World Service, May 10, 2004


We welcome to the show James R. Morrell, who took part in an assessment mission of the Haiti Democracy Project to Haiti during April 12-16, 2004.


Q. Mr. Morrell, What was the situation you found in Haiti?


A. We found Haiti to be devastated. The mass poverty, the throngs of unemployed, were there as usual. The capital had electricity for only an hour a day. Trash was piling up on the street corners. It was as though the country had gone through a war.


Q. How much support was there for Aristide?


A. We saw little evidence of it. Previously, such pro-Aristide mobilizations as occurred were typically paid. With the funding apparently cut off, these have subsided.

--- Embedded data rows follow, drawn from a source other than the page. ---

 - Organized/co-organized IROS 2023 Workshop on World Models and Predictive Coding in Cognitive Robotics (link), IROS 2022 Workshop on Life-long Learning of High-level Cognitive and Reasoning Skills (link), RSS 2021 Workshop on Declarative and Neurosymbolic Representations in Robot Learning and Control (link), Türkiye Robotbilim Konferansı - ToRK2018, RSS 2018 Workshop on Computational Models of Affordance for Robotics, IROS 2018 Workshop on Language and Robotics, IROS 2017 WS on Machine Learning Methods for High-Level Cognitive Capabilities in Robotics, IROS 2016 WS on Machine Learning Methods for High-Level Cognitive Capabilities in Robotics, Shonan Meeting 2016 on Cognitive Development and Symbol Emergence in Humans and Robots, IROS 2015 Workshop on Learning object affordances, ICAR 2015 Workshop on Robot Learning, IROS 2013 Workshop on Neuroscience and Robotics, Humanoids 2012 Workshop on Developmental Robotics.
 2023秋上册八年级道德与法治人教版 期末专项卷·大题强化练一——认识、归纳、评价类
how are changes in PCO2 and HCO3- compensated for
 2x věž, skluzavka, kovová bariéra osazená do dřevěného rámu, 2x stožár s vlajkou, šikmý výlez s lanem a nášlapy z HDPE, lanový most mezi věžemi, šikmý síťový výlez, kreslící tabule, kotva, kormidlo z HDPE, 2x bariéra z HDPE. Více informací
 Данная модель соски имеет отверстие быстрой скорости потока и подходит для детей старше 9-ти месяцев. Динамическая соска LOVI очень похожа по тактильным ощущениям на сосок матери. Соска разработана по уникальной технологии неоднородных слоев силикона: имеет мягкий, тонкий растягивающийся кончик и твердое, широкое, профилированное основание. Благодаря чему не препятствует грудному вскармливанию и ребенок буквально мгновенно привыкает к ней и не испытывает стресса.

Q. What about the new government?


A. The situation facing the new regime is virtually impossible. The prime minister told us of the central bank having been looted by the outgoing regime. The health minister told us of hospitals that had been stripped of their equipment and invaded by gangs. We met the agriculture minister in the office of a foreign NGO. The ministry had been burnt down by the outgoing regime.

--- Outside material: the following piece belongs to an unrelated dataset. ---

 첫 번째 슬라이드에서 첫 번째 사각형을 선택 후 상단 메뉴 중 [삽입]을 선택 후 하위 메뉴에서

We found the qualifications of the ministers to be high, and considered them to be conscientious and dedicated. This is not unusual for the Haitians. Once the patina of bad characters who always seem to end up on top is stripped away, the Haitians are exceptionally decent and earnest. This is true both of the professionals and the masses.


Q. How much is the Bush administration doing in the way of aid?


A. The prime minister has just finished a fundraising visit to Washington, and met with President Bush. Some $40 million in new aid was pledged, in addition to $55 million already committed. Furthermore, a supplemental appopriations bill has been submitted to which $50 to $90 million may be added.


In addition to bilateral U.S. aid, there are the World Bank, Inter-American Development Bank, and International Monetary Fund. Haiti also has twenty other bilateral donors, including the European Union, which has been generous with its aid in the past. The prime minister is now in Europe to renew this flow.


Q. What is the outlook?


A. The new regime in Haiti sits atop a mountain of problems. No one of them at the present moment is at crisis stage, but a number of them have that potential. There is furthermore a problem of public support in the United States.  There is defection of important elements of the Left who should be Haiti’s strongest backers.


Nevertheless, with adequate resources, the government team in place has the ability to begin stitching this country back together.